If you are a firefighter dealing with an out-of-control wildfire in California, you can deploy a small UAV with a camera to assess the damage and verify the position of your team. The system might be worth USD 50,000. Just before the UAV reaches the surveillance area, you lost it. Whatever the reason, the time it takes to deploy a new USD 50,000 may cause a great deal of forest, wildlife, and even human casualties, because of the lack of intelligence to improve the decision-making process or the task force deployment. In this scenario, the operational impact is huge and hard, if not impossible, to calculate.
Let’s go back to the easy part, the financial or monetary cost of a drone crash. Remember the MTBF (mean time before failure)? If the UAV plus the camera or sensor it carries is worth, say, USD 2,000,000, for a drone with an MTBF of 523 hours, you must add $3,825 (2,000,000 divided by 523) to the per-hour cost of operation, as an expected loss reserve. The same calculation is done in general aviation with what is called engine reserves.
The DroneTech Approach
At DroneTech, we have addressed all the major causes of drone crashes by embedding redundancy systems in all of our UAV designs.
We took seriously all remarks and recommendations from the DoD, prospective customers, friends, and worldwide available documents to improve our products and stay one step forward to improve UAV flight safety, increase reliability and deliver a cost-efficient UAV.
Our solutions deal positively with failures due to the power or propulsion, the flight controls, the remote and local pilot crew, the communications systems, and most of the human/ground loss causes. This reduces the crash causes about tenfold. Let’s recall the main drone crashes causes and how DroneTech tackles them.

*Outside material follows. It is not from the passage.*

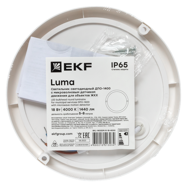 Светильник светодиодный ЖКХ круг ДПО-1400 с микроволновым датчиком движения 18Вт 6500K IP65 LUMA EKF |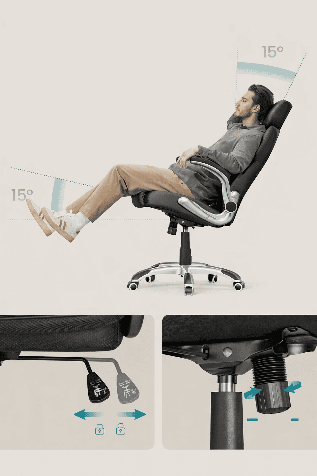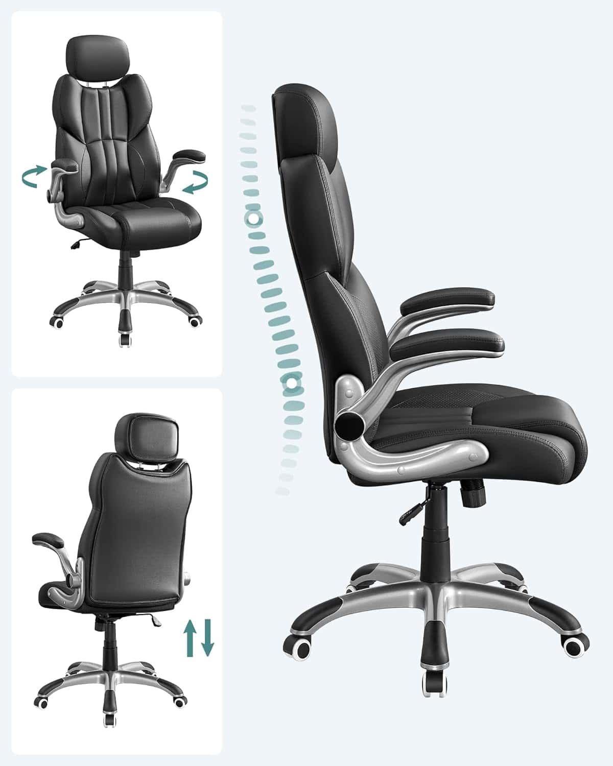 - Scaunul de birou SONGMICS este proiectat pentru confort si flexibilitate maxima in timpul lucrului. Cu design ergonomic, sezut moale si suport pentru cap reglabil, ofera sustinere optima pe durata intregii zile. Bratele rabatabile economisesc spatiu, iar materialele de calitate asigura durabilitate si intretinere usoara. Caracteristici principale:

We do not cut corners and choose only the most trustworthy components because that gives value to our customers in long-term lifecycle costs. We deliver not only the highest performance but value and the lowest lifecycle cost of any, by far.
Our design promises much higher reliability than present systems and it will be possible to have cost-per-hour rates in the order of just $400 to $600, instead of today’s $1,200 to $2,000, in our size bracket (depending on the sensors aboard). The current worldwide high rental prices of several thousand dollars per hour are due to the present high crash rates. With our increased MTBF (expected low crash rates), we are less expensive than any general aviation, helicopter, or multi-copter.
The true (unrecognized and unpublished) cost of operating a drone IS NEVER the fuel, engine reserves, and manpower as in General or Commercial Aviation. The main component by far is always the expected value of the economic and operational loss of a crash.
Potential buyers must include this crucial consideration in their decision process. Ask the right questions when purchasing, some manufacturers, by ignorance or policy, tend to hide this important data from the buyers.